French computer scientist

Nathalie Revol (born 1967) is a French computer scientist known for her research on computer arithmetic, including floating-point arithmetic and interval arithmetic. She is a researcher for the French Institute for Research in Computer Science and Automation (INRIA), associated with the arithmetic and computing project of the Laboratoire de l'Informatique du Parallélisme at the École normale supérieure de Lyon.

==Education and career==
Revol studied computer science at the École nationale supérieure d'informatique et de mathématiques appliquées de Grenoble (ENSIMAG) from 1987 to 1990, earning an engineering diploma in 1990. From 1989 to 1990, she also studied applied mathematics at Joseph Fourier University in Grenoble, earning a Master of Advanced Studies in 1990. She defended her doctoral dissertation, Complexite de l'evaluation parallele des circuits arithmetiques [Complexity of the parallel evaluation of arithmetic circuits], in 1994 through the Grenoble Institute of Technology, under the joint supervision of Jean-Louis Roch and Jean Della Dora.

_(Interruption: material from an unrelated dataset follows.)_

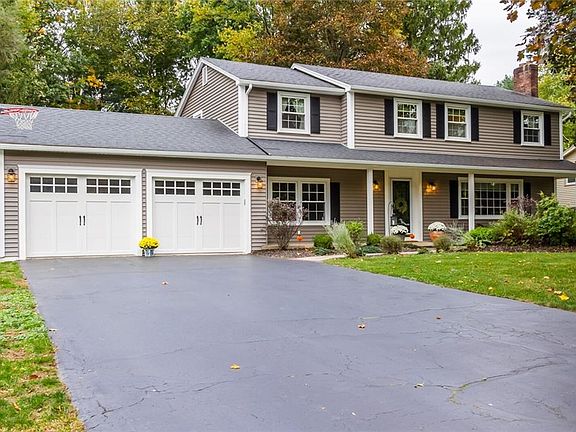 Situated in a desirable neighborhood, this 2,188 SqFt, 4 beds, 2.5 bath colonial style home is close to Bushnell's Basin, 96/490 & everything Pittsford has to offer with the privacy you are looking for. Fantastic curb appeal with new vinyl siding, gutters and garage doors 2019. Enter into the welcoming front porch and then formal living room with new hardwoods in 2019, gas fireplace & bay window offering tons of natural light. Hardwoods continue into the formal dining room and chef's dream kitchen remodeled in 2014 with custom cherry cabinets, quartz countertops, tile backsplash and stainless steel appliances. Large family room is perfect for additional living space. 4 spacious beds upstairs with hardwood floors including master with two walk in closets and ensuite! 2nd full bath remodeled in 2018 with modern vanity, fixtures & tile shower. Park like backyard boasts a patio, hot tub and firepit! Partially finished basement. Furnace 2019, Bosch Tankless Hot Water Tank 2019, Replacement Windows 2019 & New Tear Off Roof 2008. Delayed Negotiations Until 3PM on Monday, October 19th.

After a temporary research position at ENSIMAG, she became an associate professor at Lille University of Science and Technology in 1996. In 2002, she took her present position as a researcher for INRIA, and since 2020 has been a researcher "hors classe".

==Contributions==
Revol chaired the working group that produced the IEEE 1788 standard for interval arithmetic. With Fabrice Rouillier, she developed the MPFI library for arbitrary-precision interval arithmetic.

She is a coauthor of the book Handbook of Floating-Point Arithmetic (Birkhäuser, 2010; 2nd ed., 2018).